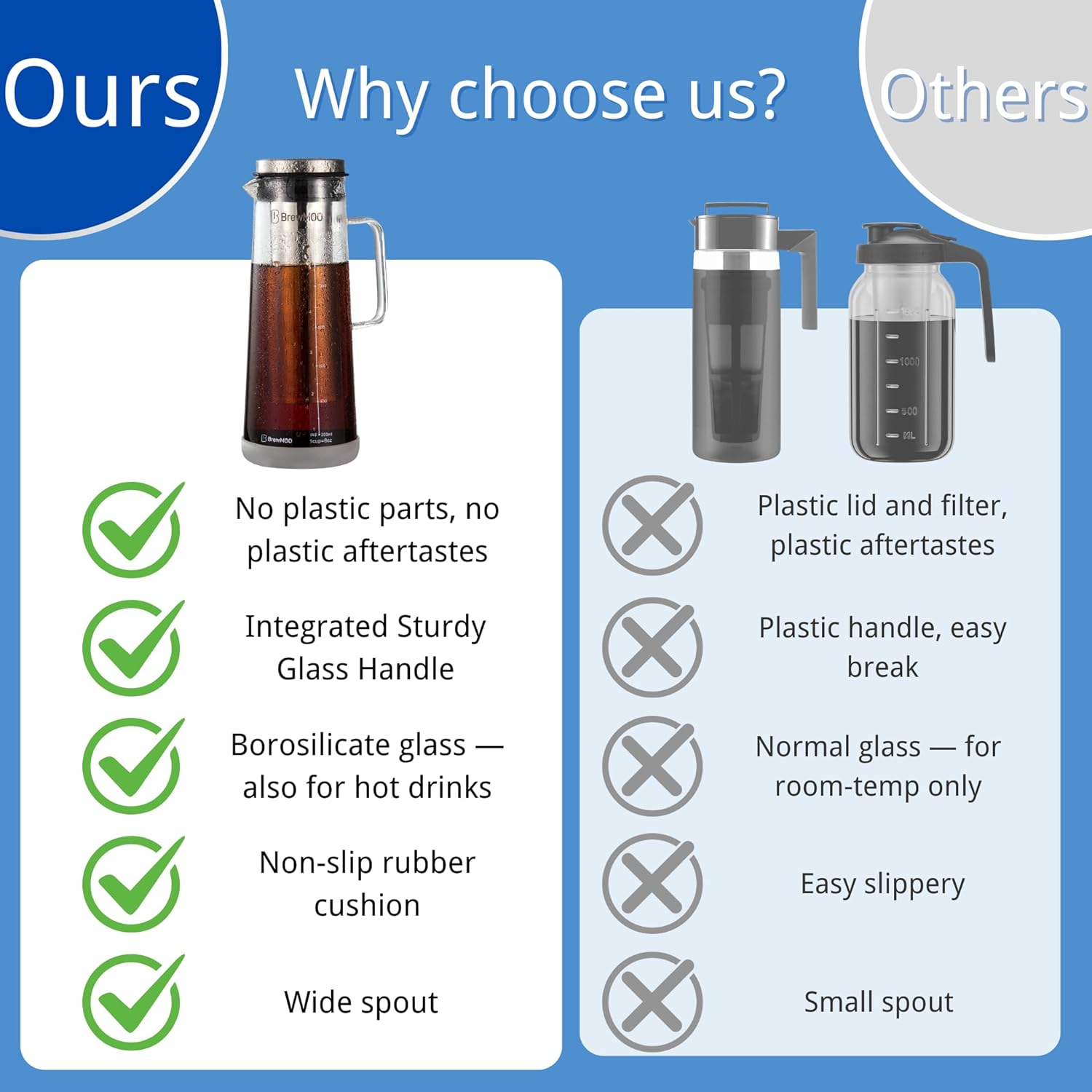 - [MORE THAN COFFEE – BREW TEA, TOO] Love iced tea? Loose leaves or tea bags work perfectly too! Steep cold overnight for crisp flavor, or brew hot—this pitcher does it all with borosilicate glass & filter. Elevate your hosting game with homemade cold brew or fruit-infused tea.
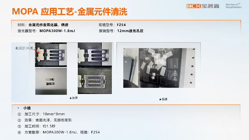 在金属不规则零部件、复杂表面及精细元件的清洗场景中,该方案的应用效果较为显著。据相关项目信息显示,宝辰鑫在某金属元件清洗任务中,采用了 MOPA 300W-1.8mJ 激光器,搭配 12mm 通光孔径振镜与 F254 场镜,通过调整工艺参数后,成功去除了元件表面的氧化膜与锈迹,最终元件表面恢复光泽,且无任何损伤或变形。从作业数据来看,该任务加工尺寸为 18mm×8mm,单工件加工时间约 1.5 秒,推荐配置为 MOPA 300W-1.8mJ 激光器 + F254 场镜。
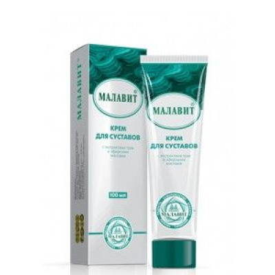 Крем для суставов «Малавит», насыщенный витаминами, антиоксидантами и биологически активными веществами, предназначен для наружного применения в составе профилактики и комплексного лечения различных заболеваний опорно-двигательного аппарата (артриты, подагра (отложение солей), артрозы, спондилоартрит, остеохондроз, Болезнь Бехтерева, тендовагиниты, бурситы и др.), а также может применяться в комплексном лечении последствий различных травм (растяжения связок, ушибы, вывихи и др.).
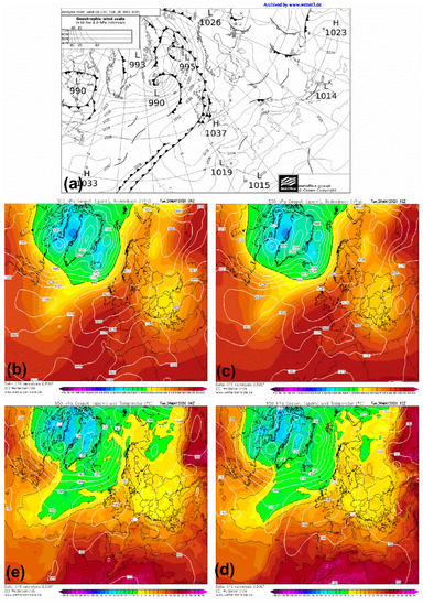 Synoptic conditions on the examined day (26 May 2020). (a) Surface weather map on 26 May 2020 (00:00 UTC). Geographical distribution of: the 500 hPa geopotential height and sea-level pressure at 06:00 and 12:00 UTC (b,c) and the 850 hPa geopotential height and air temperature at 06:00 and 12:00 UTC (d,e).
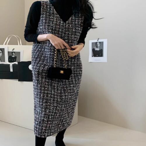 レディース ワンピース ミモレ丈 袖なし ノースリーブ Vネック 襟なし ワイド フェミニン バックスリット ツイード きれいめ シンプル カジュアル 上品 おしゃれ こなれ感 ラフ エレガント モダン 主役級 存在感 都会的 ベーシック ナチュラル 無地 秋 冬 10代 20代 30代 デート お出かけ 女子会 休日 ショッピング カフェ モノトーン 重ね着 コーデ 楽ちん モテ トレンド 流行 インスタ映え 定番 M L XL 2XL 3XL 4XL ブラック ベーシックカラー 大人カラー

++++++

### TASK DESCRIPTION
Make an exact printout of the listing above, omitting the images.

### ANSWER TO THIS PROBLEM
 - [MORE THAN COFFEE – BREW TEA, TOO] Love iced tea? Loose leaves or tea bags work perfectly too! Steep cold overnight for crisp flavor, or brew hot—this pitcher does it all with borosilicate glass & filter. Elevate your hosting game with homemade cold brew or fruit-infused tea.
 在金属不规则零部件、复杂表面及精细元件的清洗场景中,该方案的应用效果较为显著。据相关项目信息显示,宝辰鑫在某金属元件清洗任务中,采用了 MOPA 300W-1.8mJ 激光器,搭配 12mm 通光孔径振镜与 F254 场镜,通过调整工艺参数后,成功去除了元件表面的氧化膜与锈迹,最终元件表面恢复光泽,且无任何损伤或变形。从作业数据来看,该任务加工尺寸为 18mm×8mm,单工件加工时间约 1.5 秒,推荐配置为 MOPA 300W-1.8mJ 激光器 + F254 场镜。
 Крем для суставов «Малавит», насыщенный витаминами, антиоксидантами и биологически активными веществами, предназначен для наружного применения в составе профилактики и комплексного лечения различных заболеваний опорно-двигательного аппарата (артриты, подагра (отложение солей), артрозы, спондилоартрит, остеохондроз, Болезнь Бехтерева, тендовагиниты, бурситы и др.), а также может применяться в комплексном лечении последствий различных травм (растяжения связок, ушибы, вывихи и др.).
 Synoptic conditions on the examined day (26 May 2020). (a) Surface weather map on 26 May 2020 (00:00 UTC). Geographical distribution of: the 500 hPa geopotential height and sea-level pressure at 06:00 and 12:00 UTC (b,c) and the 850 hPa geopotential height and air temperature at 06:00 and 12:00 UTC (d,e).
 レディース ワンピース ミモレ丈 袖なし ノースリーブ Vネック 襟なし ワイド フェミニン バックスリット ツイード きれいめ シンプル カジュアル 上品 おしゃれ こなれ感 ラフ エレガント モダン 主役級 存在感 都会的 ベーシック ナチュラル 無地 秋 冬 10代 20代 30代 デート お出かけ 女子会 休日 ショッピング カフェ モノトーン 重ね着 コーデ 楽ちん モテ トレンド 流行 インスタ映え 定番 M L XL 2XL 3XL 4XL ブラック ベーシックカラー 大人カラー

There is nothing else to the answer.